The rectum attaches to the bottom of the colon, or large intestine, and when individuals have a bowel movement, the waste travels through the rectum before it is expelled from the body. Solitary rectal ulcer syndrome is a condition that occurs when individuals have sores or ulcers inside their rectum.
Although the exact cause is not known, some physicians theorize that the ulcers appear due to an injury to the rectum. These injuries are often caused by straining while having a bowel movement, constipation and a prolapse of the rectum.
Solitary rectal ulcer syndrome can cause various symptoms including pain in the rectum, bleeding from the rectum and a discharge of mucus from the rectum. Some people have a full feeling in their pelvic area or they feel as if they did not have a complete bowel movement after going to the bathroom.
Fecal matter may exit the rectum uncontrollably or it may seep out while an individual passes gas. Other symptoms include bowel movements that are infrequent and difficulties passing stool. Some individuals who have solitary rectal ulcer syndrome do not experience any symptoms at all.
Solitary rectal ulcer syndrome (SRUS) tends to be caused by injury to the rectum. One of the most common ways to develop an injury is during rectal prolapse, which is where the end of the rectum begins to protrude through the anus. This leaves it highly susceptible to injury.
However, there are many other potential causes of injury to the rectum. It is thought that straining can cause rectal ulcers, which means that people with chronic constipation and impacted stools are at a higher risk. Similarly, attempts to manually remove impacted stools could cause the ulcers.
In some cases, unusual tightening of the pelvic floor muscles is thought to cause rectal ulcers. This is because it could restrict blood flow to the rectum which can result in damage to the tissues. A condition called intussusception, which is where part of the intestine slides into another part, might also cause injury to the rectum and lead to ulcers.

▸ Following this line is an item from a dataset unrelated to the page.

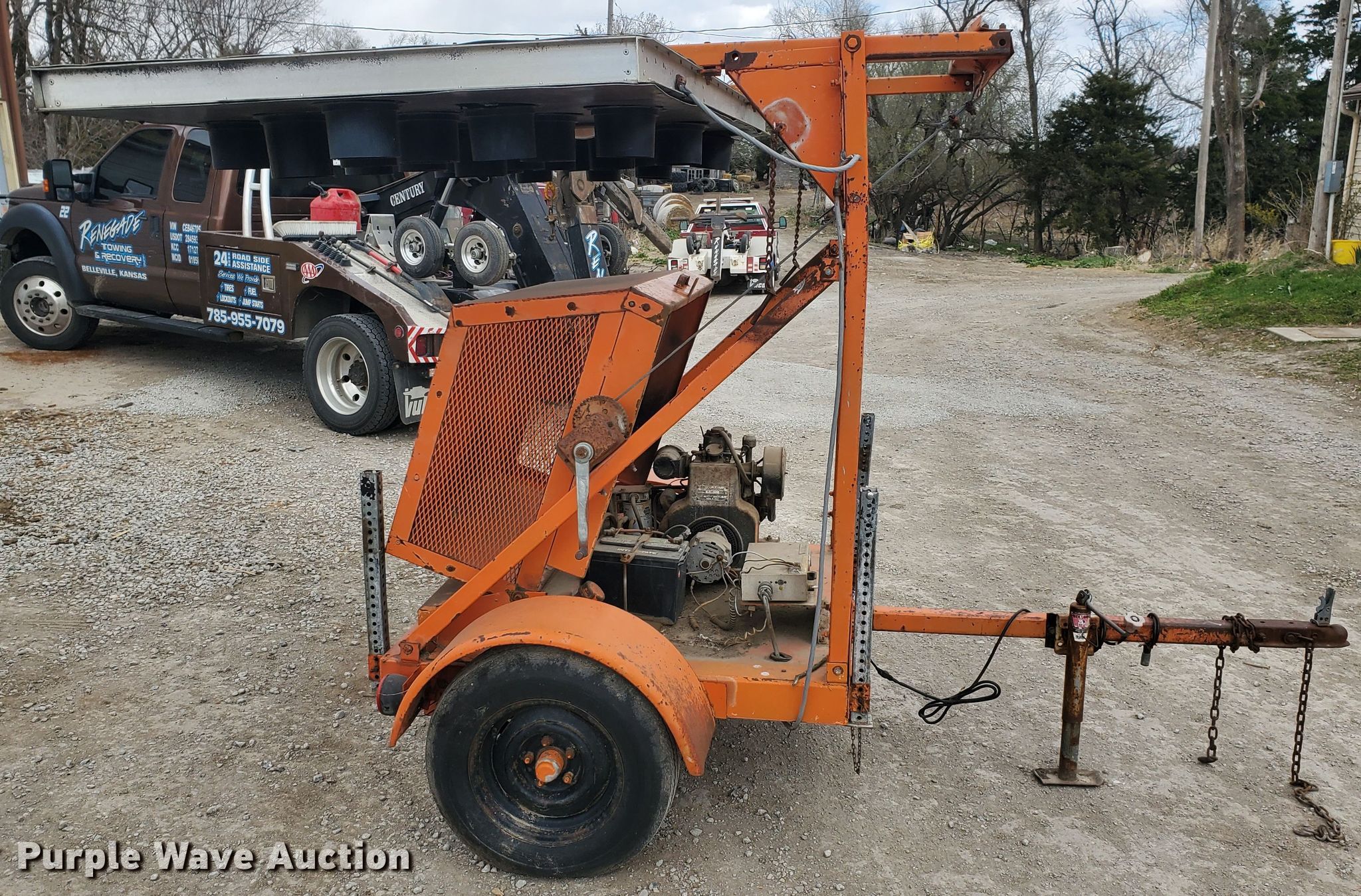 Protect-O-Flash arrow board trailer. Lombardini single cylinder diesel engine, Light controller switches, 2" ball hitch, 185/75R14 tires, Some bulbs may need to be replaced, Serial 2862121. Transfer of ownership documentation will be a bill of sale. Renegade Towing & Recovery. 1882 190th Rd. Belleville, KS 66935

Sometimes it is the insertion of a foreign body into the anus or anal intercourse which causes injury to the rectum. It’s also known that abnormal toileting behaviors, which could be exhibited by people with psychological disorders like OCD, can lead to injury and SRUS.
The types of treatments depend on the magnitude of the injuries to the rectum and the symptoms that a person is experiencing. Those who have slight symptoms can often prevent them from getting worse by eating healthy meals and getting regular exercise. Medications that can also help to reduce the symptoms include botulinum toxin, steroids and sulfasalazine enemas.
If the condition is advanced, individuals may need surgery to repair a rectal prolapse. If treating the condition is not effective, individuals may be required to have a proctectomy, which is a surgical procedure for removing the rectum. If necessary, a colostomy procedure may be performed to reroute the colon to the abdominal wall. After this procedure is completed, individuals will have a bag attached to an opening in the abdomen to collect their waste.
Preventing SRUS may be possible by preventing the underlying injuries or conditions which can cause ulcers to develop. Rectal prolapse tends to occur due to the weakening of the muscles surrounding the rectum, which often occurs as a result of excessive straining.
By increasing the amount of fiber and liquids in the diet, it may be possible to keep stools soft enough for more regular, comfortable bowel movements. This will both reduce the risk of prolapse and of injury to the rectum. It’s also important to avoid trying to manually remove impacted stools.
Those who frequently have anal intercourse should take great care to avoid injuring the rectum. Use of a body-friendly lubricant will help with this.